Texas Co-op Power magazine is the largest circulation monthly magazine in Austin, Texas. It goes to more than 1 million homes and businesses and is read by approximately 3 million people. The BPA audited statement for June 2009 put circulation at 1,188,965.

==History and profile==
Founded in 1944 to assist newly formed electric cooperatives communicate and educate their members on such topics as using electric appliances and electrical safety, the monthly magazine has evolved into a feature publication with separate editions for 59 cooperatives. It is distributed in 227 of Texas’ 254 counties (2009 Directory, Texas Electric Cooperatives).

Texas Co-op Power’s goals are to enhance the quality of life of member-customers in an educational and entertaining format. Recent feature stories have included profiles of the late writer Elmer Kelton, football legend Sammy Baugh and the Quebe Sisters, as well as pieces on wildlife photography, fall gardens and Hurricane Ike.

== Audience ==
The magazine serves rural, small town, and suburban Texans who are members of electric cooperatives. It is published by Texas Electric Cooperatives, a statewide association. Nonmembers may subscribe by contacting the magazine.

== Subject matter ==
Texas Co-op Power is a publication that covers contemporary life in Texas, featuring articles on topics such as culture, history, recreation, nature, gardening, cooking, and travel within the state. It also provides information related to electric utilities and publishes work by Texas-based writers. Its content reflects both the state's historical heritage and its ongoing social and economic development.

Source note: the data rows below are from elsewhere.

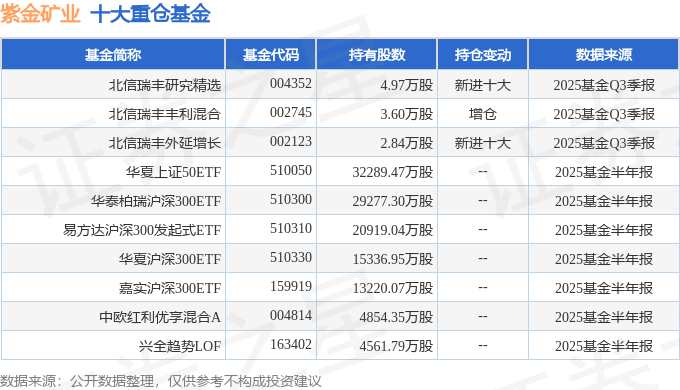 持有紫金矿业最多的基金为北信瑞丰研究精选,目前规模为0.19亿元,最新净值1.6371(10月17日),较上一交易日下跌2.13%,近一年下跌15.2%。该基金现任基金经理为胡健强。
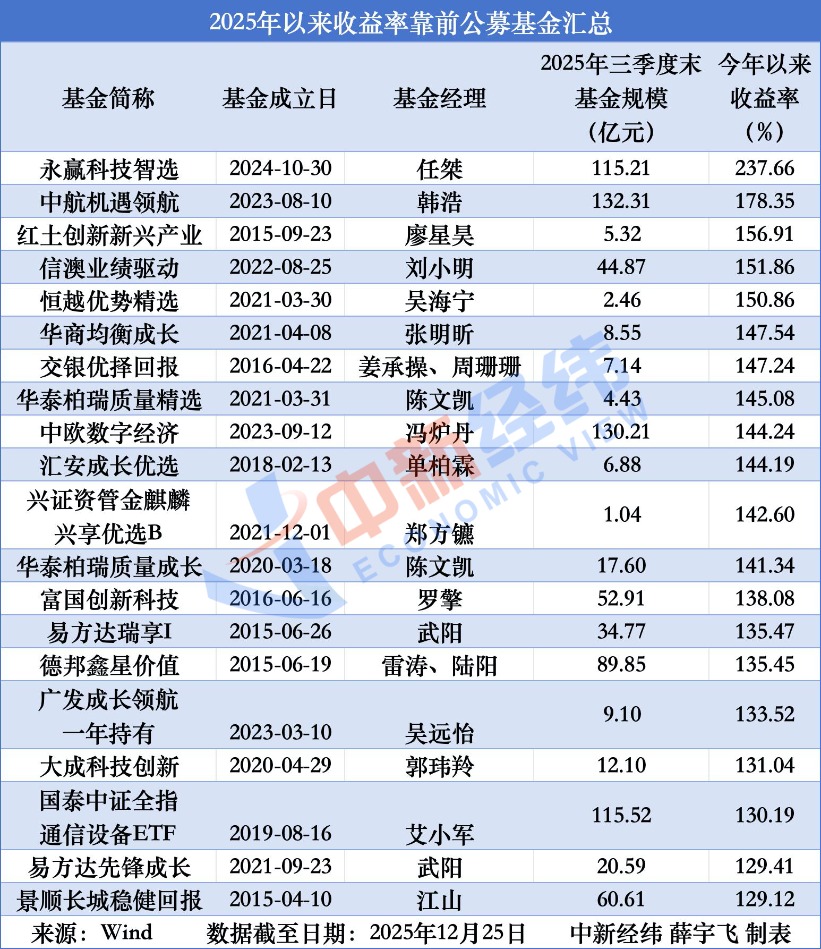 中新经纬12月26日电 (薛宇飞)2025年即将结束,公募基金收益排位赛进入到最后4个交易日的冲刺期。目前,永赢科技智选是唯一一只年内收益率超过200%的公募基金,基本提前锁定了冠军的位置。
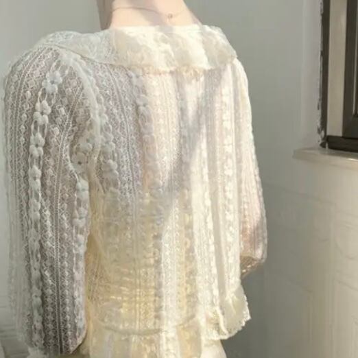 このカーディガンは、デイリーコーディネートに程よいアクセントをプラスしてくれる一着です。カジュアルなコーデにも、オフィススタイルにもマッチし、1枚でさらりと羽織れる軽やかさが魅力です。華やかなレースデザインは、特別な日にもぴったり。
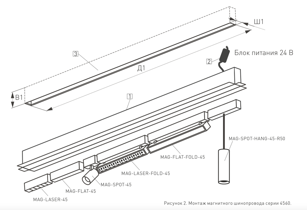 Мощность источника питания выбирается из расчета 100 Вт на 1 м длины сегмента шинопровода.

Each subscribing cooperative may have as many as eight pages in the center of the magazine for local information and features.

== Books ==
Texas Co-op Power also publishes cookbooks and posters. The most recent cookbook is 60 Years of Home Cooking [2006, Texas Electric Cooperatives]. In addition to reprinting recipes published in the magazine, it describes the evolution of rural cooking as modern appliances such as microwaves and blenders gradually supplanted ice boxes and wood stoves.

== Archives ==
The archives of Texas Co-op Power reside at Texas Electric Cooperative headquarters on the 24th floor of the Westgate building, 1122 Colorado Street, Austin, TX. PDFs of the issues from 2004 to 2009 are online at www.texascooppower.com.
The magazine's historic records are catalogued and available at the Dolph Briscoe Center for American History, University of Texas, Austin, TX.